As regards bugs, the guy who did this project originally spent maybe a month full time equivalent patching the code from bug reports found all over the internet, which indeed is crap from ST, but that is historical.
Regarding LWIP config, yes, very true, it is poorly documented - symptomatic of a project which started ~17 years ago, the devs have long ago got themselves girlfriends and moved on

and nobody wrote up a "how to get started quick" guide for it. But the 17 years also works in its favour: bugs should have been worked out of it, over literally millions of devices in the field. And it is very unlikely that everybody is using the same 10% of the functionality i.e. concealing major bugs.

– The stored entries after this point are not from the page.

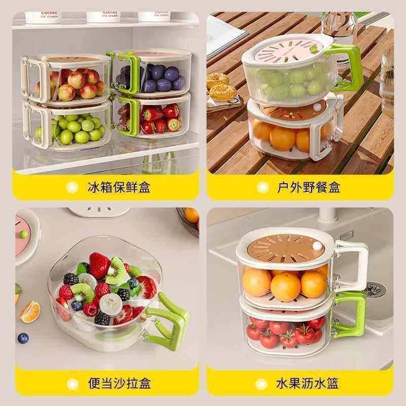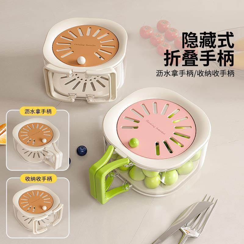 日本洗水果沥水篮水果盘轻奢高档家用多功能可折叠篮冰箱保鲜盒
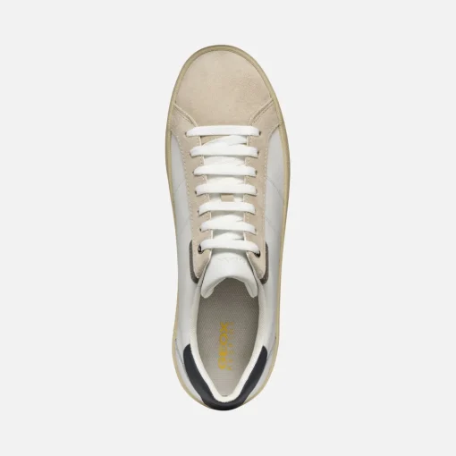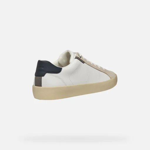 Sneaker low-cut uomo leggera e traspirante, dallo stile contemporaneo e dal dna quotidiano. Realizzata in pelle ricoperta e scamosciato, è qui proposta in versione bianca con dettagli beige chiaro a contrasto. Caratterizzata da un un classico design di ispirazione tennis court, Affile completa con un tocco sportivo ma ricercato gli abbinamenti casual.
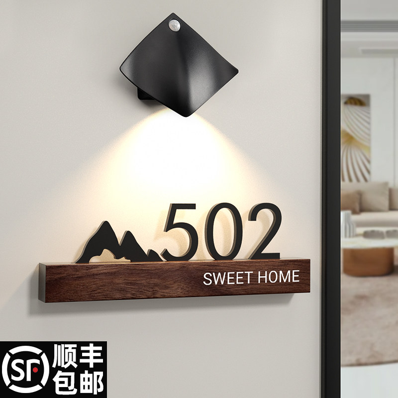 门牌号码牌家用实木数字门牌住宅入户门口装饰带灯门牌定制酒店民宿饭店包厢数字贴立体门牌号提示挂牌订制
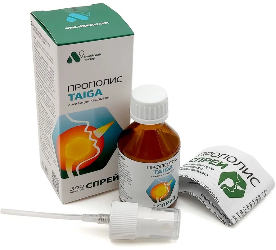 Прополисный спрей «Taiga» — многофункциональное средство, обладающее антибактериальным, противогрибковым, противовирусным, местным анестезирующим, противовоспалительным и заживляющим действием. Разрушительно воздействуя на болезнетворные микроорганизмы, сохраняет здоровую микрофлору полости рта и горла. Способствует поддержанию здоровья дёсен и зубов, предотвращая размножение патогенных бактерий, вызывающих кариес, освежает дыхание.
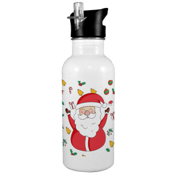 Santa Claus gifts, Παγούρι νερού Λευκό με καλαμάκι, ανοξείδωτο ατσάλι 600ml
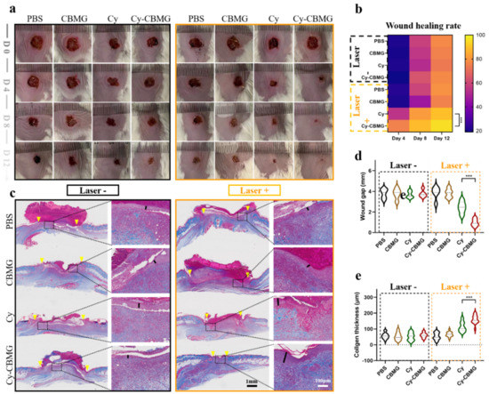 Within 12 days, the wound was photographed at days 0, 4, 8, and 12. Over time, the wound area in mice tended to reduce in all groups. At day 4, the wound healing rate was 74.8% in the Cy-CBMG/laser group, which was significantly higher than in the Cy + laser irradiation group (53.8%). For other groups, the wound healing rate was lower than 30% at day 4 (Figure 6a,b). In addition to effective wound disinfection function by PDT, Cy-CBMG shielded wounds against bacterial re-invasion and maintained a moist microenvironment, which are beneficial for wound healing [42].

That could well be true for MbedTLS though. I spent ages googling for info on how to set up the buffer sizes etc, testing and documenting it. It's actually easy if you throw a lot of RAM at it (say 50k) but I am not doing that. A google for lwipopts.h yields loads of hits and eventually you find some useful info... A crap situation but typical of open source software! The alternative is closed commercial sources, or low deployment number sources where one doesn't really know how well they have been tested.